The Lancet Cover Image
  • Volume 372
  • November 28, 2008

From New York to New Delhi by Joshua Schulman Marcus

Joshua Schulman-Marcus, a 4th year medical student at Mount Sinai School of Medicine, New York tells us about his week in New Delhi, India, working at All India Institute of Medial Sciences’ (AIIMS) emergency ward and the Centre for Chronic Disease Control-Rhona 

First day
Even as I had psychologically prepared myself before arriving in New Delhi, I could not help but be astounded by the crowds of sick people.  Overflowing hallways, packed beds and stretchers, benches upon benches of patients waiting for a five minute outpatient consultation, staff in masks writing away.  The crowds of voices echoed loudly across the decaying walls in All India Institute of Medial Sciences’s (AIIMS) emergency ward.

One would expect differences between the largest public hospital in India and the New York hospital in which I trained.  The latter hospital does have long waits and a relatively chaotic emergency room, but it also affords the best of developed world care to the city’s immigrant population.  Rather, I expected AIIMS would be similar to the public tertiary center I visited in Honduras while working on a surgical brigade last June.  In that hospital’s emergency wards, what I immediately noticed was the relative silence.  There were no bedside monitors clanging away, and the patients largely suffered in silence. 

I walked by and could not speak a word, knowing that my presence today will provide neither solace nor a voice.  The best I can offer is to be a witness.  But while that is a good starting point, it is hardly enough.

After a week
The past week has afforded me the privilege of meeting with some of the leading researchers of chronic disease in India.  I have spent most of my days working at the Centre for Chronic Disease Control (CCDC) in New Delhi, a local research institute.  The remainder of the time I have observed clinical care at the nearby All India Institute of Medical Sciences (AIIMS), which is a massive and prestigious government hospital.  The experience has been invaluable for both my personal research on heart disease in India and my education about noncommunicable diseases in a developing country.

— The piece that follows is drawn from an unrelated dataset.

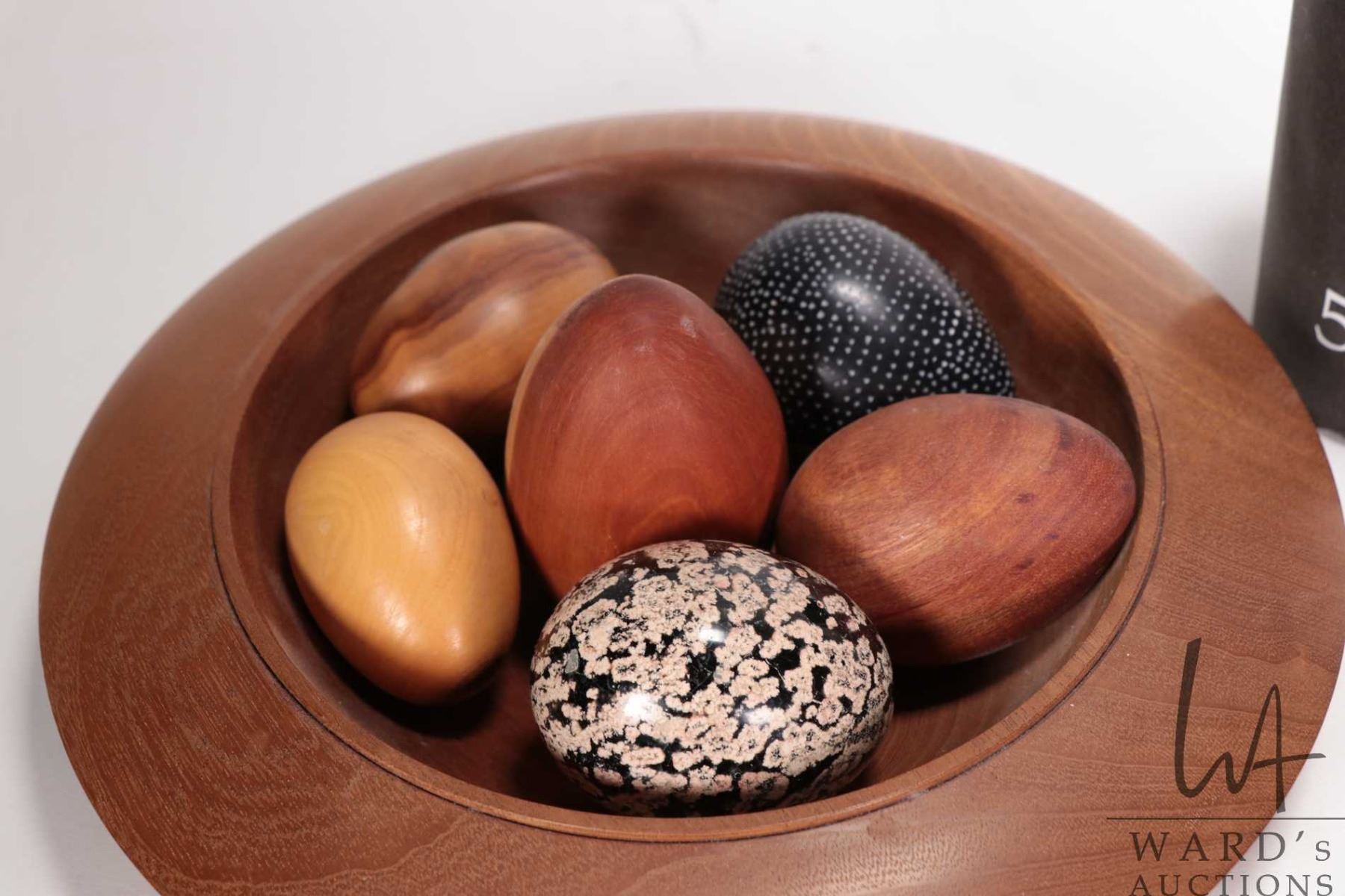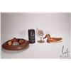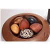 Tray lot of collectibles including turned wooden "nest" with a selection of turned wood and stone eg

Even though India has 1.1 billion people, many of whom are now being afflicted by cardiovascular diseases or diabetes, until recently their national epidemiology was quite unknown.  Most published research had been derived from a single (generally urban) center studies and involved very small sample sizes.  Epidemiological estimates have thus largely been based on regional models of disease burden, which do not permit a nuanced understanding.  The CCDC and collaborators have been working to remedy this situation, undertaking rigorous national studies on nutrition, disease risk factors, and outcomes.  Most of the studies are still in progress and cannot yet be commented on, though my discussions with staff here about preliminary findings were quite revealing.  It is clear that chronic non-communicable diseases are imposing a substantial and growing burden across the Indian population, not just in its wealthier ranks.  Sadly, it is also clear that effective prevention and treatment face enormous challenges in all regards, from the nature of doctor-patient relationships to the perception of smoking (a high percentage of educated Indian youth smoke).

My observations at AIIMS were both helpful as well as deeply moving.  The hospital daily provides care to thousands of poor Indians from throughout the country, and as such is almost oppressively crowded.  In the busy emergency ward, I saw two patients with acute myocardial infarction. Neither had arrived by ambulance, reflecting the relative deficiency of emergency medical services in India.  Their comparatively young age was also not surprising, as major studies have shown an earlier onset of cardiac disease in Indians.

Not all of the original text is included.